Мы очень старались получать удовольствие от осени. Мы ходили на футбольные матчи, но вместо радостного сопереживания, которое я испытывал во время футбольных матчей в колледже, я чувствовал холод и мрачность дней, наполнявших меня ужасом зимы. Измученные, в основном молчащие, царапающие кожу острыми краями нашей любви, мы плелись домой, и Бэрри, измученная простудой, сворачивалась в обнимку с котом в постели. Уютным пушистым комком они засыпали. Ее кот урчал, закрыв глаза. Она посапывала. Чувствуя себя влюбленным, желая защитить ее от простуды и моего мира боли и вины, я был исполнен радости.
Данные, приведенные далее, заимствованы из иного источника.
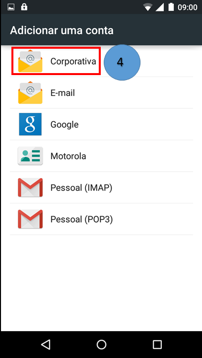 Selecione a opção “Exchange” ou “Corporativa”.(4)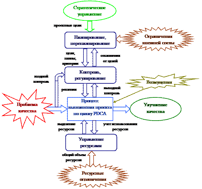 Рис. 1.2. Выполнение проекта и место оперативного управления проектом Функция управления проектом существует в любом случае, но не всегда имеется отдельное подразделение, несущее ответственность за нее. Управление может быть определено как организация взаимодействия элементов таким образом, чтобы достичь заданной цели. Хорошо известны функции оперативного управления: планирование, регулирование, поддержание. В деталях модель оперативного управления на основе обратной связи представлена на рис. 1.3.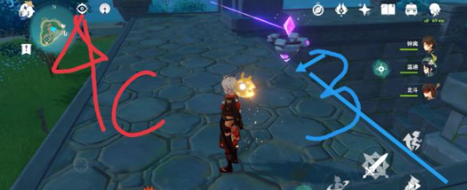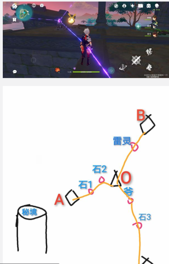首先从地下捞出三个继电石一个雷灵(需要做遗迹退水的前置解谜,此处不做赘述,各位旅行者可以自行查找相关攻略),注意不要越过最靠近秘境的一个放电石头(A)的位置,否则继电石会消失回到原位

Но моя радость при мыслях о прошлом и возможном будущем уничтожалась тоской нашего настоящего. Каким же я был дерьмом.
Она проснулась. Мы начали разговаривать. Мы говорили о гомерах и о том, как меня раздражали Джо, и Рыба, и Легго, и о том, что она просто не понимает этого.
— Знаешь, в чем твоя беда? — спрашивала она.
— В чем?
— У тебя нет предмета для подражания.
— А как же Толстяк?
— Он — псих.
— Он не псих, — сказал я, начиная злиться. — К тому же, есть Чак, и Рант, и Хупер, и Глотай Мою Пыль. И Потс.[107]
— Да, конечно, у тебя есть товарищи, и ты прав, война нужна лишь затем, чтобы дать мужикам возможность умереть со своими приятелями, но мне кажется, у тебя произошло полное зацикливание на интернатуре, а-ля Гофман.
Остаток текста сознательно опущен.